Dive Brief:
- Senate Bill 1456, which allows regulated electric utilities to impose a bill surcharge on customers who install rooftop solar panels or small wind turbines, passed the Oklahoma House of Representatives on Monday 83-5 with no debate. It passed the Senate last month. Gov. Mary Fallin is expected to approve it.
- Supported by Oklahoma Gas and Electric Co. (OG&E) and Public Service Co. of Oklahoma (PSO), the state's major electric utilities, but opposed by renewables advocates, the bill sets up a process at the Oklahoma Corporation Commission (OCC) to establish a separate customer class and monthly surcharge for distributed generation (DG). As many as ten previous debates across the U.S. have gone against similar proposals by utilities.
- The surcharge is to be imposed by the end of 2015. It will not apply to customers who already have installed DG systems or to participants in electric cooperatives not regulated by the OCC. Legislators overwhelming agreed with utility representatives that the surcharge is needed to prevent non-DG-owning ratepayers from bearing the largest part of the burden for infrastructure costs prorated by electricity consumption on customers’ bills.

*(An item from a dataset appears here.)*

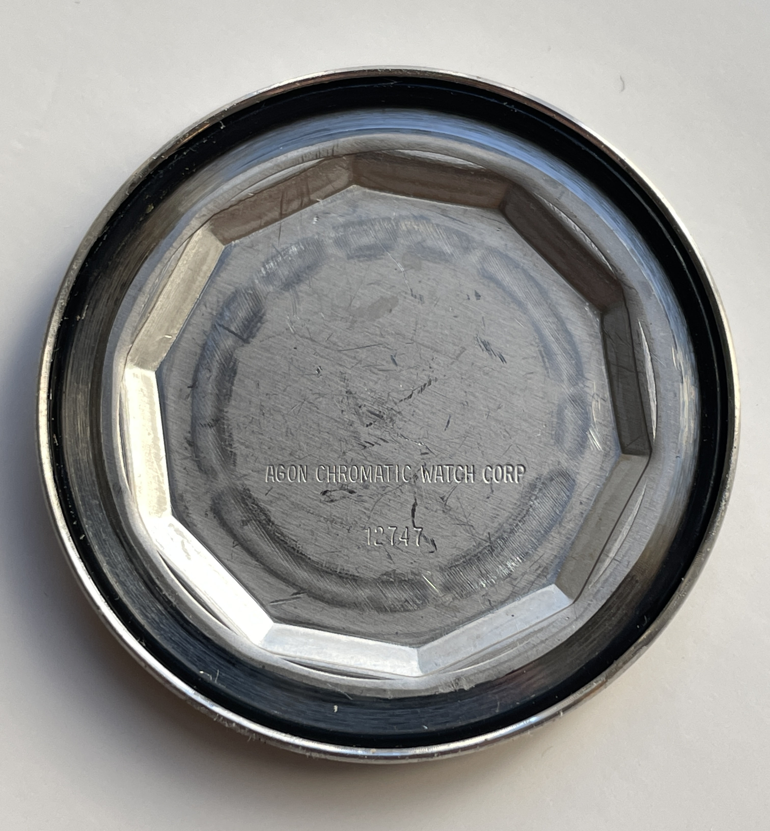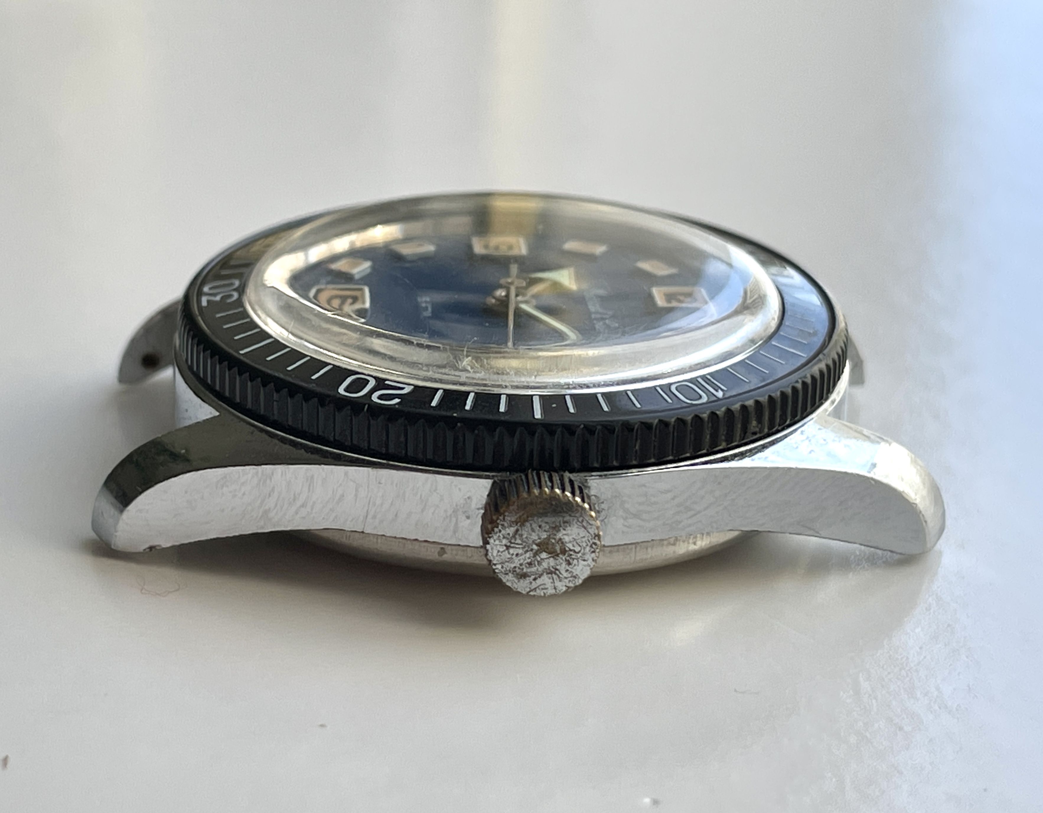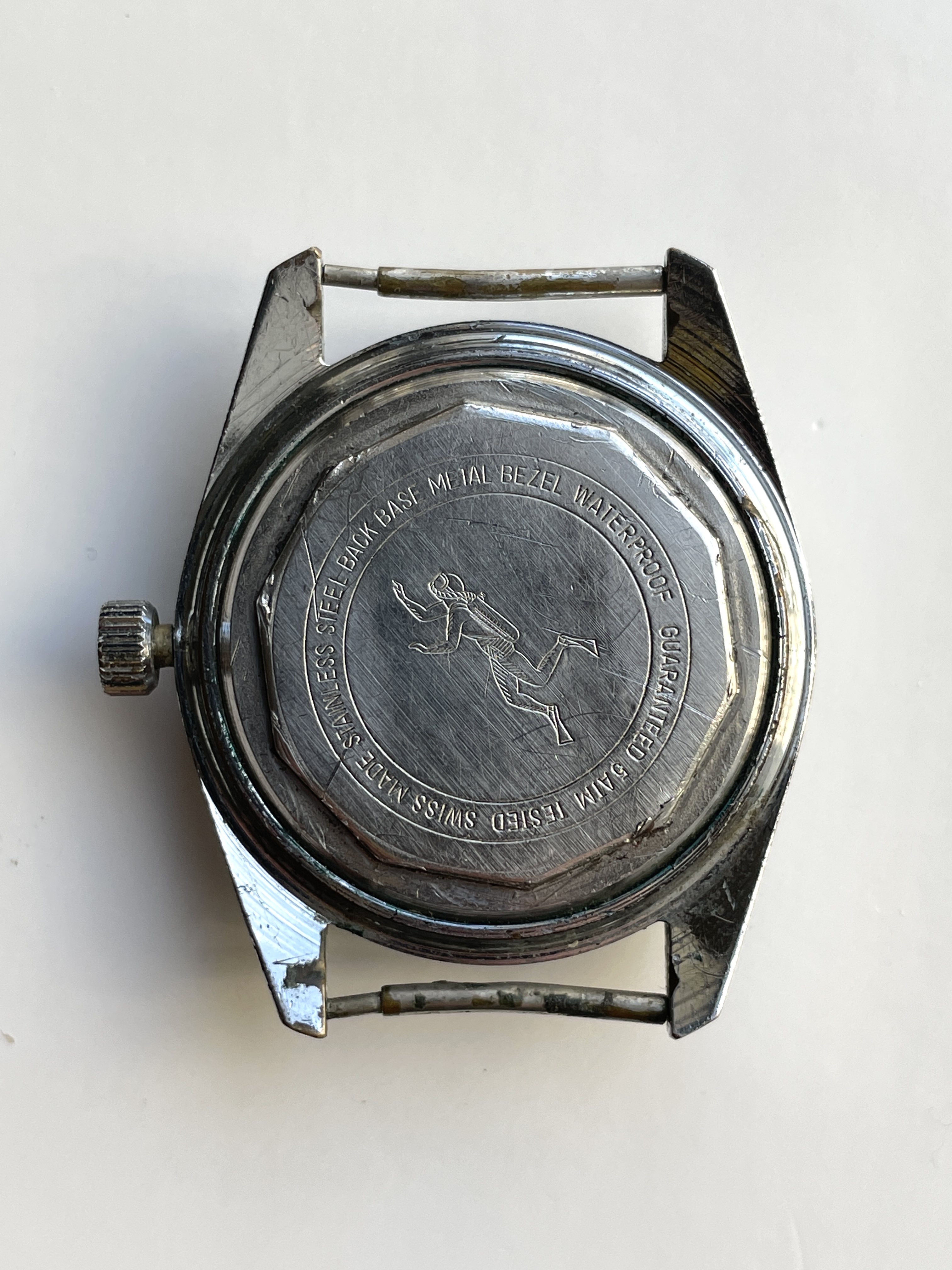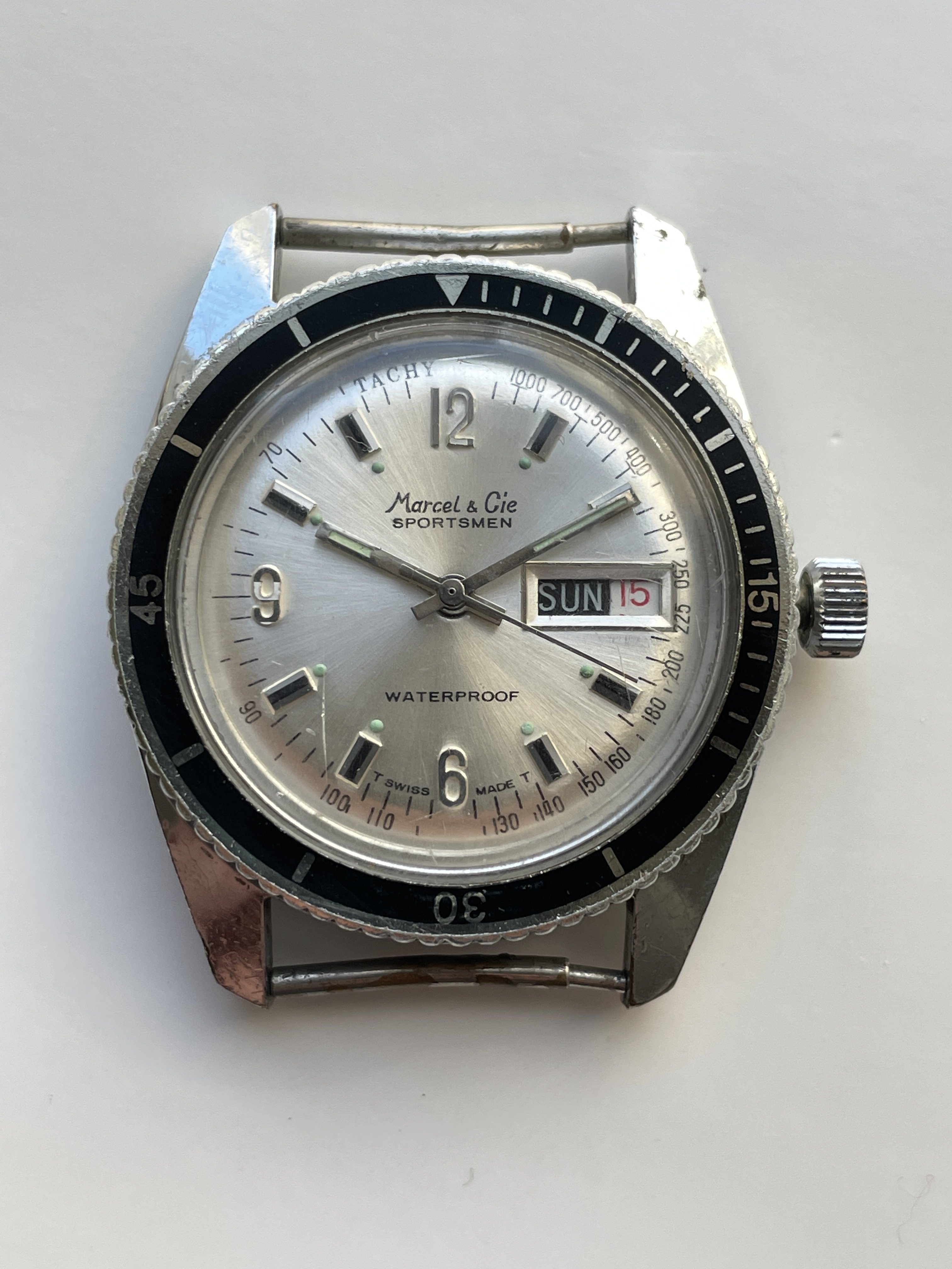 Also in the package— another Marcel & Cie "Sportsmen" diver. This one can only be qualified as "running, for parts" as it does wind and and the time can be set. The crown is hard to operate and it doesn't fully go back in to it's closed position, and doesn't allow the date to be set. The bezel is loose and comes off easily and the chrome plated case has some pitting and corrosion. See pics!

- DG advocates argued the burden on non-DG-owning ratepayers is not significant because the number of OG&E and PSO customers who have DG systems is small. The bill, they said, protects dwindling utility profits as DG use grows rapidly and utilities fail to accommodate it with new business models.
Dive Insight:
This could be the first complete defeat for solar advocates in their fight against utility efforts to recover costs lost to DG use. It remains to be determined how the surcharge amount set up by the OCC will affect solar growth in Oklahoma.
The Arizona Corporation Commission last year approved a similar surcharge but, at $0.70 per kilowatt, was viewed by solar advocates as low enough to not stop industry growth.
“A $0.70 per kilowatt charge will hamper the industry,” Sunrun VP and The Alliance for Solar Choice (TASC) President Bryan Miller told this reporter at the time. “We cannot sustain a $1.00 per kilowatt charge.”